Während viele Milliarden Euro an die Banken fliessen, die über Jahre hemmungslos mit Luftpapieren gezockt haben, werden den Menschen in Griechenland, Spanien, Portugal oder Italien zum rigorosen „Sparen“ verpflichtet. Ein Beispiel dafür, welche Blüten das treibt, spielt sich gerade in der Comunidad Valencia ab. Dort müssen ab heute 500 Kinder aus zwölf Dörfern ohne Schulbus auskommen, weil … der Schulweg jetzt plötzlich per Luftlinie berechnet wird.

Die Geschichte ist ganz einfach: Die Kinder aus den Dörfern Sueras, Ayódar, Torrechiva, Vilavella, Mascarell (Nules), Burriana, Altura, Geldo, Jérica, Viver, Vinaròs und Morella bekamen von der Provinz bisher einen Schulbus zur Verfügung gestellt, weil ihr Schulweg nach Castelló länger ist als drei Kilometer.
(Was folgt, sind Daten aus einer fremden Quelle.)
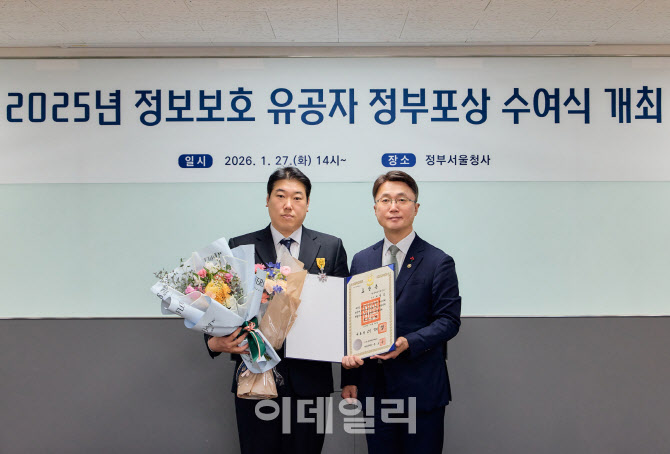 토스 지정호 CISO(왼쪽)가 정보보호 유공 ‘국민포장’을 수상한 뒤 류제명 과기정통부 2차관과 기념촬영을 하고 있다. (사진=토스)

Der Bus fuhr also morgens die Dörfer ab, sammelte die Hauptschüler ein und brachte sie nachmittags wieder nach Hause. Jetzt wurde der Bus abgeschafft. Sparmassnahme! Der Grund: Der Schulweg wird ab sofort per Luftlinie kalkuliert – damit ist er kürzer als drei Kilometer. Deswegen ab sofort keine Subvention mehr.

Ob die Kinder die kürzere Luftlinie jetzt selbst fliegen, oder ob die Eltern mit vielen PKW (und den entsprechenden Kosten) einspringen müssen, um den einen Bus zu ersetzen, ist noch nicht bekannt. Dumm gelaufen, die Kinder müssen wohl zu lange über ihre Verhältnisse gelebt haben.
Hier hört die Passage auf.